A study of stationarity and causality based on the theory of KM_2O-Langevin equations

基于KM_2O-Langevin方程理论的平稳性和因果性研究

• 批准号: 03452011
• 负责人: OKABE Yasunori
• 金额: $ 0.9万
• 依托单位: Hokkaido University
• 依托单位国家: 日本
• 项目类别: Grant-in-Aid for General Scientific Research (B)
• 财政年份: 1991
• 资助国家: 日本
• 起止时间: 1991 至 1992
• 项目状态: 已结题
• 来源: https://kaken.nii.ac.jp/en/grant/KAKENHI-PROJECT-03452011/
• 关键词: The theory of KMO-Langevin equations; The theory of KM_2O-Langevin equations; Fluctuation-Dissipation-Theorem; Alder-Wainwright effect; Fluctuation-Dissipation-Principle; Non-linear prediction problem; Stationary Test; Causality Test; 非線型予測問題; KM

By developing the theory of KMO-Langevin equations describing the time evolution of one-dimensional weakly stationary processes with reflection positivity, we have obtained not only a unified mathematical embodiment of the fluctuation-dissipation-theorem, but also elucidated the mathematical structure of Alder-Wainwright effect.In the course of the project above, we have grasped a philosophy-the fluctuation- dissipation-principle-as a guiding principle for the attitude of research in applying pure mathematics to applied science. Further, we have developed the theory of KM_2O-Langevin equations for the multi-dimensional weakly stationary time series. We have applied the theory of KM_2O-Langevin equations to be able to resolve the non-linear prediction problem for the one-dimensional strictly stationary time series , by obtaining a computable algorithm for the non-linear predictor, which is submitted to J. Math. Soc. Japan.Moreover, as applications to data analysis, we are going to develop a new project which consisits of the four part: the stationary analysys, the causal analysys, the entropy analysys and the prediction analysis. A work concernig causal analysis is submitted to Nagoya Math. J.Our next aim is to search certain dynamics behind complex system like chaotic system and then predict its future, by using the project above.

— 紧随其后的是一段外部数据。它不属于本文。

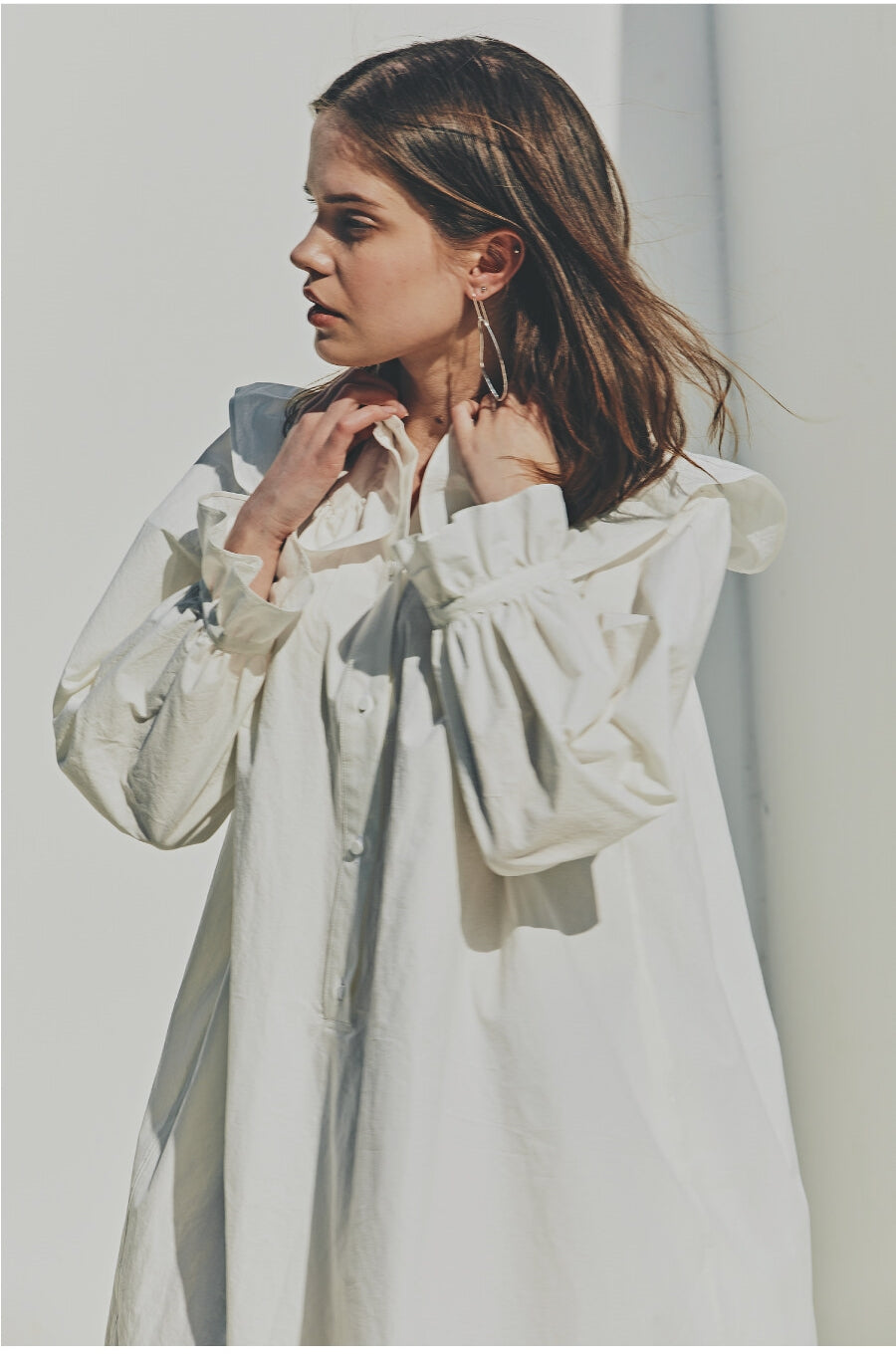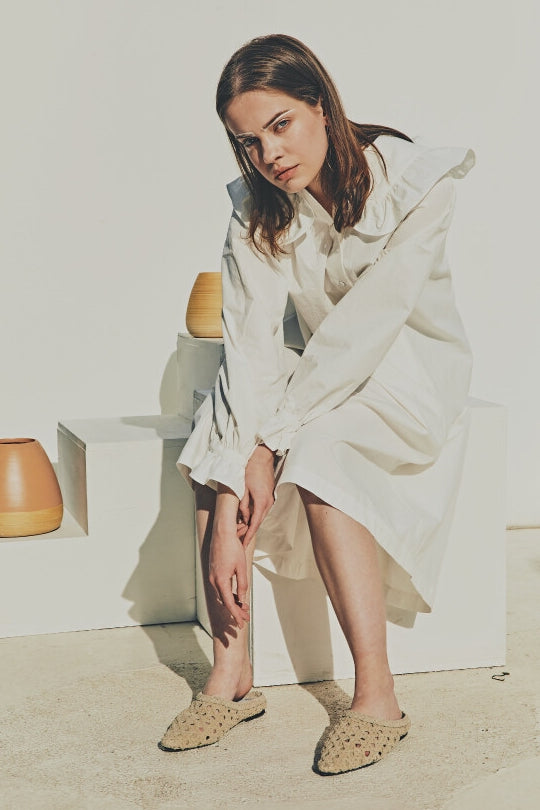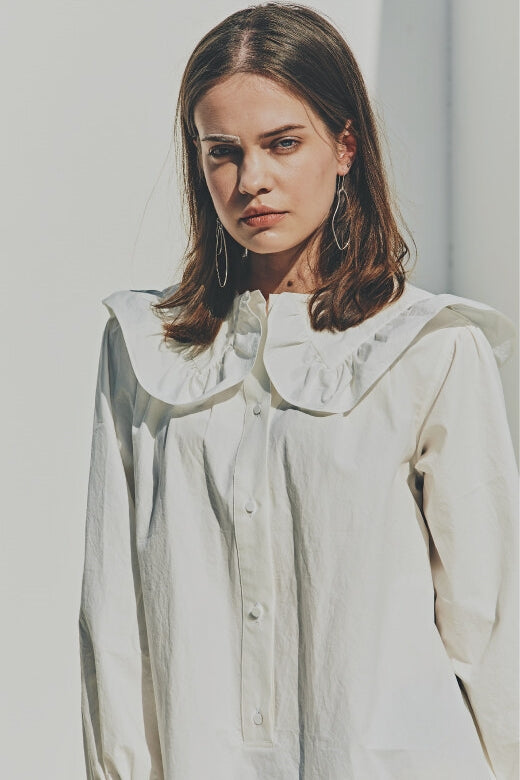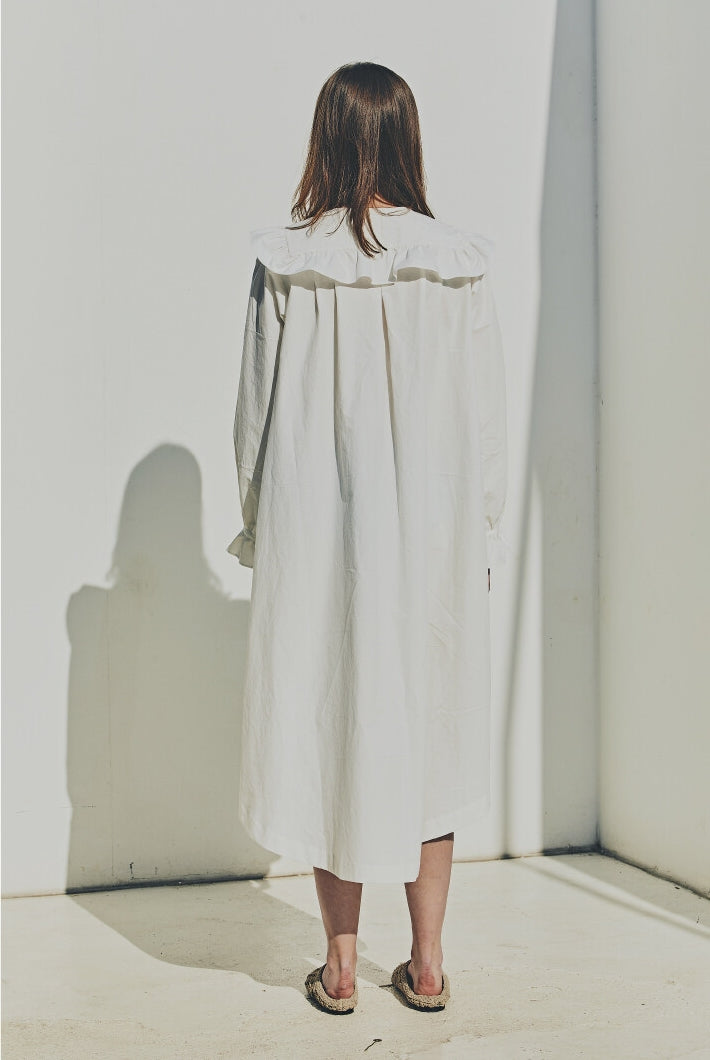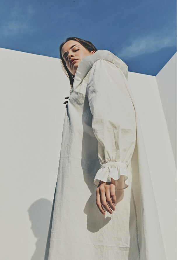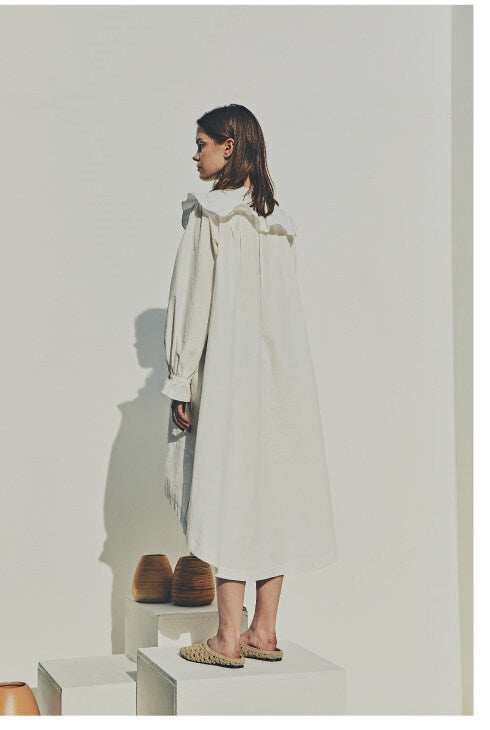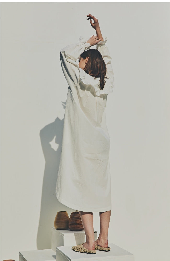 Laura Ren introduces a timeless linen midi dress that blends vintage elegance with contemporary ease. Crafted from breathable linen, this design features a standout oversized ruffle collar, long puff sleeves with elastic cuffs, and a relaxed A-line silhouette. A subtle high-low hem and button-front closure add to the charm, making it a versatile choice for elevated daywear, coastal retreats, or curated wardrobes.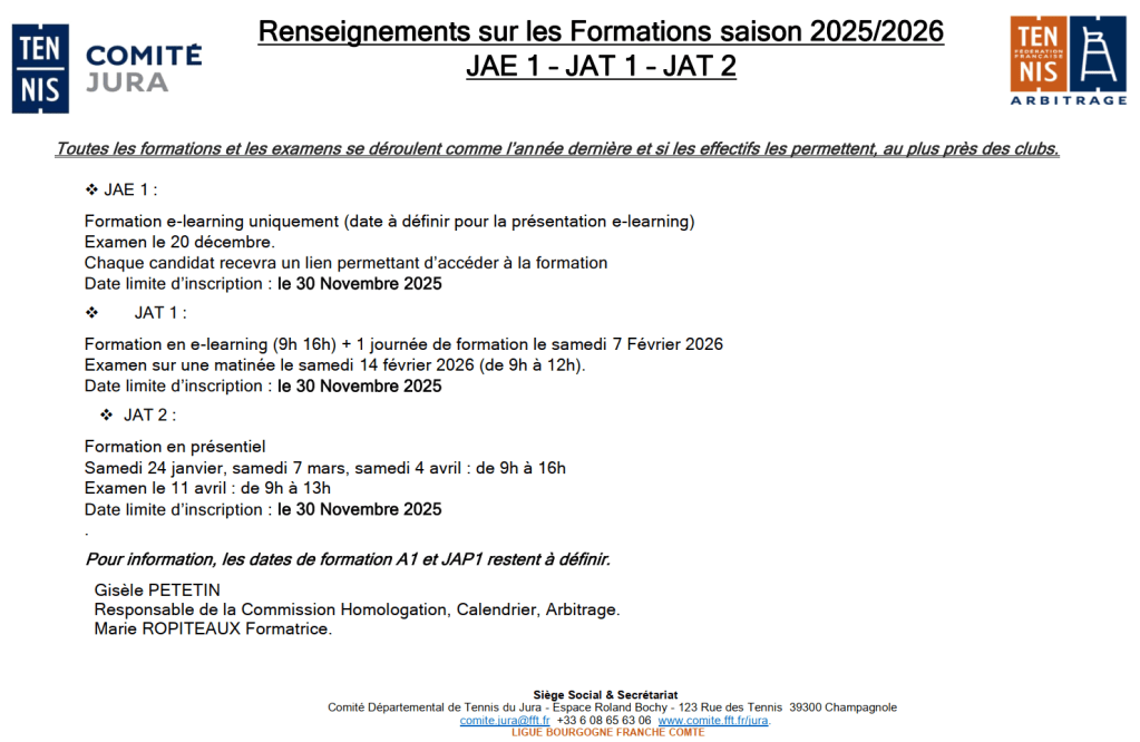 Voici les informations relatives aux formations de JAE 1, JAT 1, JAT 2 qui auront lieu prochainement.

通过发展KMO-LANGEVIN方程的理论，描述了具有反射阳性的一维弱静态过程的时间演变，我们不仅获得了波动 - 驱散性的统一数学体现，而且还阐明了对等级的数学效果，我们已经阐明了Alder-wainwield a的过程。指导原则，以将纯数学应用于应用科学时的研究态度。此外，我们为多维弱固定时间序列开发了KM_2O-LANGEVIN方程的理论。我们已经应用了KM_2O-LANGEVIN方程的理论来解决一维严格固定时间序列的非线性预测问题，通过获得可计算算法的非线性预测指标，该算法已提交给J. Math。 Soc。日本。此外，作为数据分析的应用，我们将开发一个新的项目，该项目同意这四个部分：固定分析，因果分析，熵分析和预测分析。因果分析的工作关注。 J.our下一个目标是搜索像混沌系统这样的复杂系统背后的某些动态，然后使用上面的项目来预测其未来。

项目成果

Y. Okabe: "Langevin equation and causality" Mathematics. 43. 34-58 (1991)

Y. Okabe：“朗之万方程和因果关系”数学。

Y.Okabe: "The theory of KM_2OーLangeuin equations and its applications to data analysis(I):Stationary analysis" Hokkaido Mathematical Journal. 20. 45-90 (1991)

Y.Okabe：“KM_2O-Langeuin方程的理论及其在数据分析中的应用（I）：平稳分析”北海道数学杂志20. 45-90（1991）。

Y.Okabe: "Applications of the theory of KM_2O-Langevin equations to the linear prediction problem for the multi-dimensional weakly stationary time series" J.Math.Soc.Japan.

Y.Okabe：“KM_2O-Langevin 方程理论在多维弱平稳时间序列线性预测问题中的应用”J.Math.Soc.Japan。

Y. Okabe: "Langevin equations and causal analysis" Sugaku Expositions in Amer. Math. Soc.

Y. Okabe：“朗之万方程和因果分析”美国 Sugaku Expositions。

Y.Okabe: "Langevin equations and causal analysis" Sugaku Expositions in Amer.Math.Soc.

Y.Okabe：“Langevin 方程和因果分析”Amer.Math.Soc 中的 Sugaku Expositions。